Would you return the lines that run from the start of the data below to the line with "(تنبيه) : قد", both included, exactly as written and without pictures?

= = =

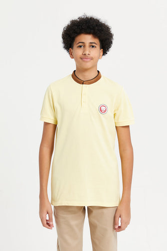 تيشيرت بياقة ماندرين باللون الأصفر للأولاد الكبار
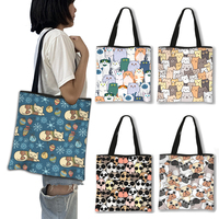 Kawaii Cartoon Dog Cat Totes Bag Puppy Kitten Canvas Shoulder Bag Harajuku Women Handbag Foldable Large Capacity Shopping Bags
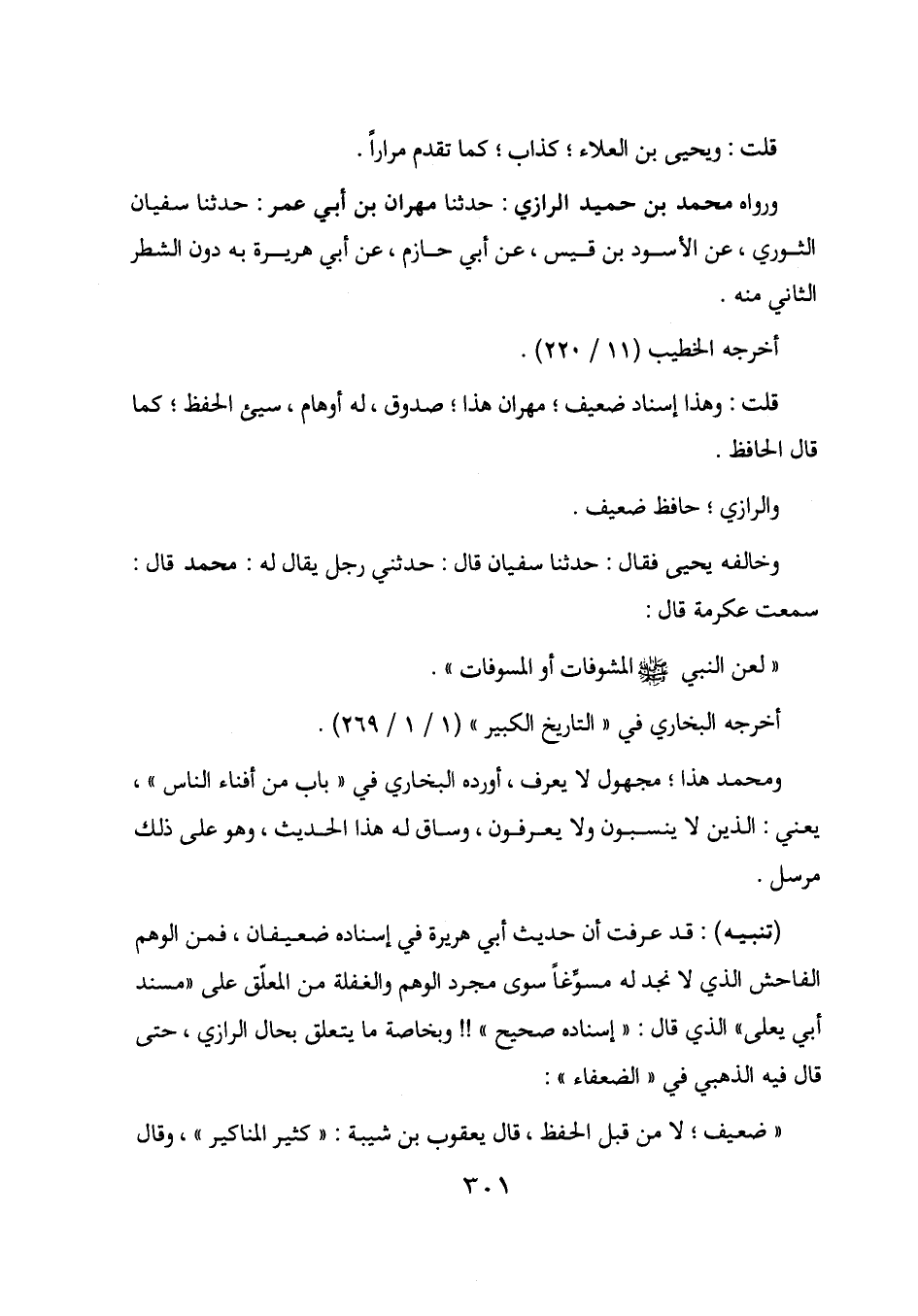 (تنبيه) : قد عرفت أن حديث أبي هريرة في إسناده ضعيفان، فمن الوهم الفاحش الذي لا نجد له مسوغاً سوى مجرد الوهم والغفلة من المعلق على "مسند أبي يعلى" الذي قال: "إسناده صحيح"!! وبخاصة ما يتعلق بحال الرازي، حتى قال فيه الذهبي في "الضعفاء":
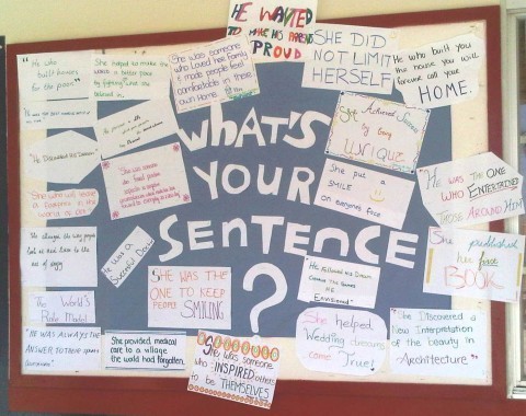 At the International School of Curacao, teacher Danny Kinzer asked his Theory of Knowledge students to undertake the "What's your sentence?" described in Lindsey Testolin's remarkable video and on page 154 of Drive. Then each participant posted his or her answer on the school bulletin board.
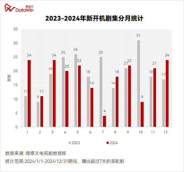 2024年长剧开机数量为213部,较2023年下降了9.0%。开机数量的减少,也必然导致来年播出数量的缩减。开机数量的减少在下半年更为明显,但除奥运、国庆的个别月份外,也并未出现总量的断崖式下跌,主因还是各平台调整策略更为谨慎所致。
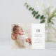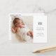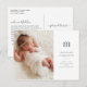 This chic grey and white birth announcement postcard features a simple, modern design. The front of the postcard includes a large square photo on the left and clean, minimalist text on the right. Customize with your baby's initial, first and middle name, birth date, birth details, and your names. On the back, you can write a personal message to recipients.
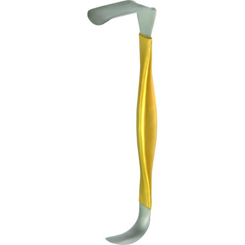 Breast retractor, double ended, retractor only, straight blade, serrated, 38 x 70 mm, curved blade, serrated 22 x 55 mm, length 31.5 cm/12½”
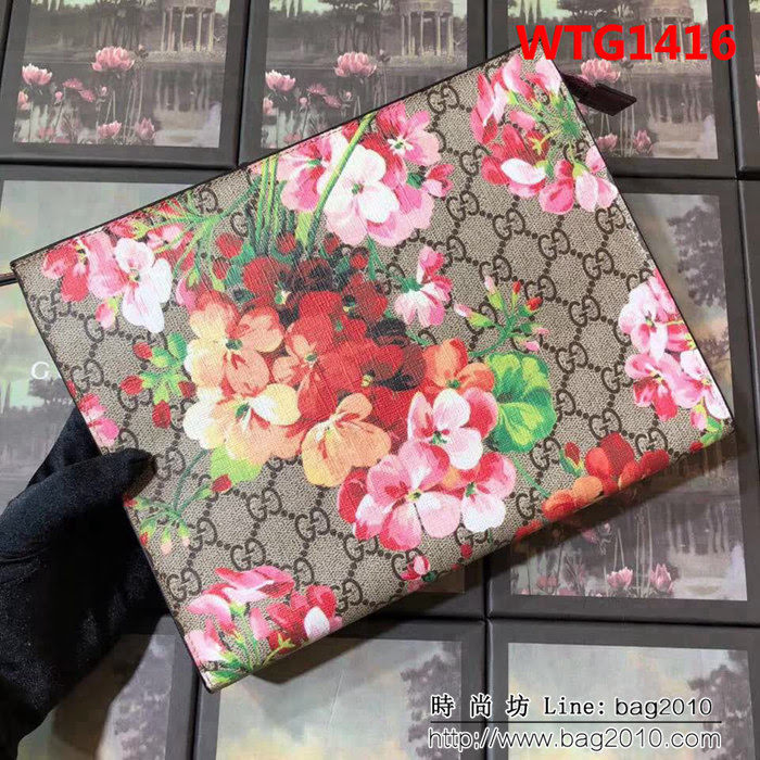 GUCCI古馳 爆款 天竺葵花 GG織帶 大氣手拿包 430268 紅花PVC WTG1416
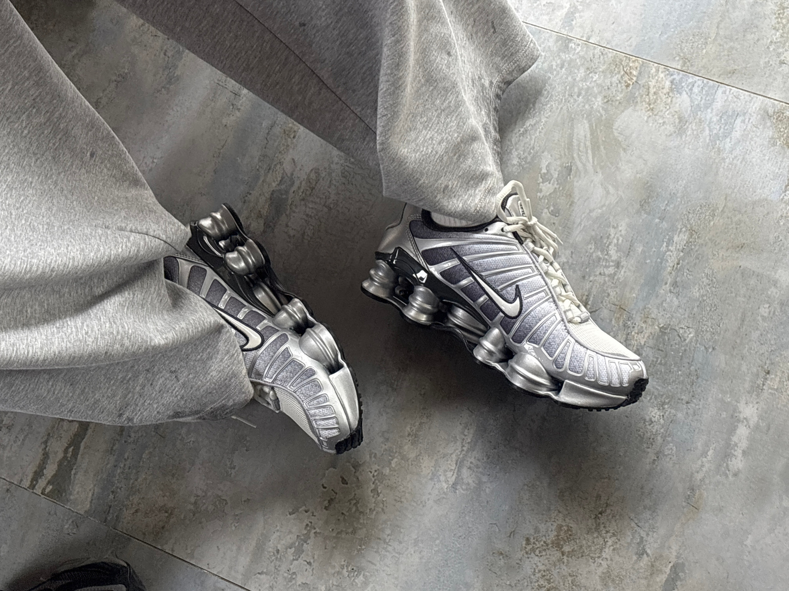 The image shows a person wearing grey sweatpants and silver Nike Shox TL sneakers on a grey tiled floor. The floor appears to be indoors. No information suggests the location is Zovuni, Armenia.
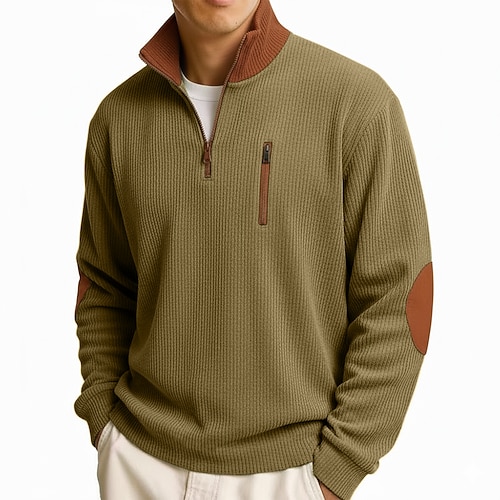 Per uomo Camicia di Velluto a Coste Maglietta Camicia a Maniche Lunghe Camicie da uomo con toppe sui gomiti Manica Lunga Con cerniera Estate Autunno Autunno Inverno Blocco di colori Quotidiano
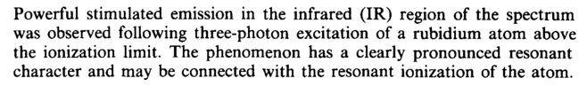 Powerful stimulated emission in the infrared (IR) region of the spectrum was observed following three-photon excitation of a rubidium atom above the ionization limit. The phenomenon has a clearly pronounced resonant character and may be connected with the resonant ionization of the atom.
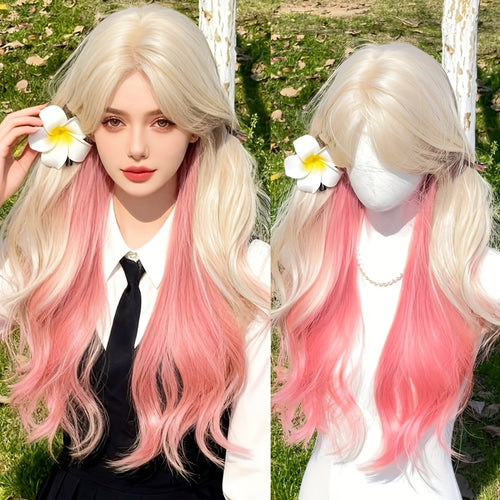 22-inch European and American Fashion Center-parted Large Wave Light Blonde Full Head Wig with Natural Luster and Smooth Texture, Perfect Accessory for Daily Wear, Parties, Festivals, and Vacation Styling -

= = =

RESPONSE AREA
 تيشيرت بياقة ماندرين باللون الأصفر للأولاد الكبار
 Kawaii Cartoon Dog Cat Totes Bag Puppy Kitten Canvas Shoulder Bag Harajuku Women Handbag Foldable Large Capacity Shopping Bags
 (تنبيه) : قد عرفت أن حديث أبي هريرة في إسناده ضعيفان، فمن الوهم الفاحش الذي لا نجد له مسوغاً سوى مجرد الوهم والغفلة من المعلق على "مسند أبي يعلى" الذي قال: "إسناده صحيح"!! وبخاصة ما يتعلق بحال الرازي، حتى قال فيه الذهبي في "الضعفاء":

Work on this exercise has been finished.